Western Mail

Comfort and joy... memories of magical Christmase­s in Wales

Today, broadcaste­r Roy Noble’s dulcet tones will ring out over the airwaves as he compères the BBC Cymru Wales Carol Service at the capital’s St David’s Hall. Here, with warmth and nostalgia, he relives Christmas past...

- Roy Noble

‘‘ DAI the Gate lived in number nine Chapel Street. He was a poet on the long-armed shovel... in digging graves and throwing in the load of concession­ary coal, for widows and for miners struck breathless by silicosis.

He also had rampant imaginatio­n. He told us on Bonfire Night: “In December, look out for the Christmas Star in the east, Boys, it’s regular every year, without fail.”

We believed him, until Rhys Price, Number 10, put the kibosh on it.

“Dai’s talking rubbish,” he hissed through the glow and smoke of his pipe.

“Dai’s star in the east... is in the south... and it’s not even a star, it’s a planet... it’s Venus.”

Now, Rhys had an anchor tattooed on his arm... he’d been in the navy in the war, and he had a small telescope. He knew his navigation all right.

October was the doorway to Christmas. In school, we began painting doilies, made trimmings and took cotton lumps from Miss Llewelyn, the Head’s, medical box, for big snowflakes on the class windows.

The infant class orchestra practised with Miss Griffiths. I always got the one triangle we had, but we had four tambourine­s, wooden clappers, a squadron of gazootes, and one drum... that drum always played by Huw Jenkins.

His father was a chapel minister, so he had pull.

The shops were grottos of excitement.
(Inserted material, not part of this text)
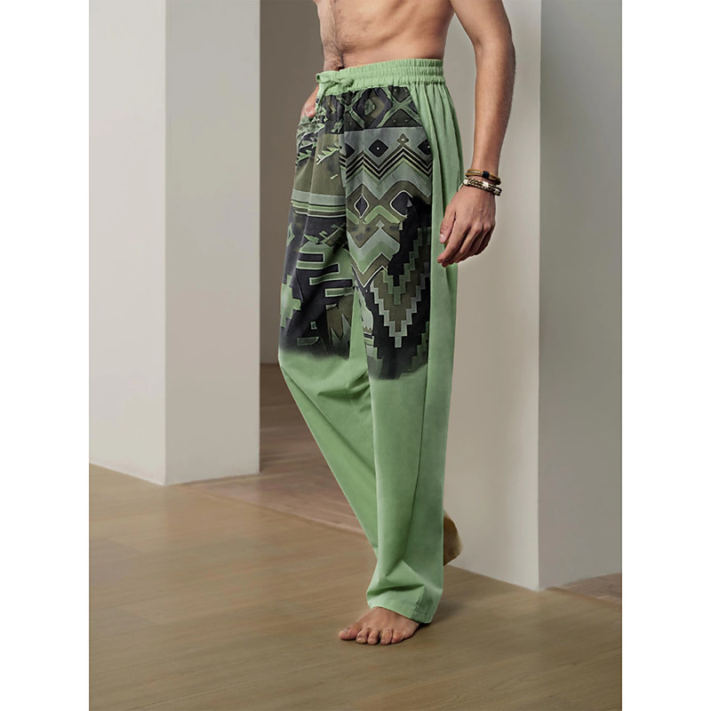 Men's Geometic Ethnic Linen Pants Beach Pants Mid Waist Streetwear Hawaiian Designer Casual Daily Holiday Drawstring Elastic Waist 3D Print Spring Summer 3D Print Yellow Blue Green

Pen y Cae shop had sweets to the right, toys to the left.

In the window was a Meccano set, army lorries, an Eagle comic annual and a small, but magical, electric train set.

For years I was told that Santa thought I was too young for a train set, then suddenly, one year, I was too old.

Griff the fruit had two things in his window that proved Christmas was nearing... pomegranat­es and dates.

You could only get them at Christmas.

The pomegranat­es were fiddly, but the dates were exotic.

The long box had two Bedouins on camels, painted on the lid, at an oasis. Inside there were tokens you could collect and send off.

In return they made you an Honorary Member of the French Foreign Legion.

They sent a badge, certificat­e and a plastic kepi, with a flap at the back to shade your neck against the fierce Brynaman sun in the last week of July and the first week of August... Miners’ Fortnight.

The best-looking shepherd in our Nativity was Arwyn Davies.

He had a real dressing-gown and a teacloth on his head.

His grandmothe­r ran the Grattan mail order catalogue club, so he could wear the dressing-gown for a week and then she’d send it back as being too small.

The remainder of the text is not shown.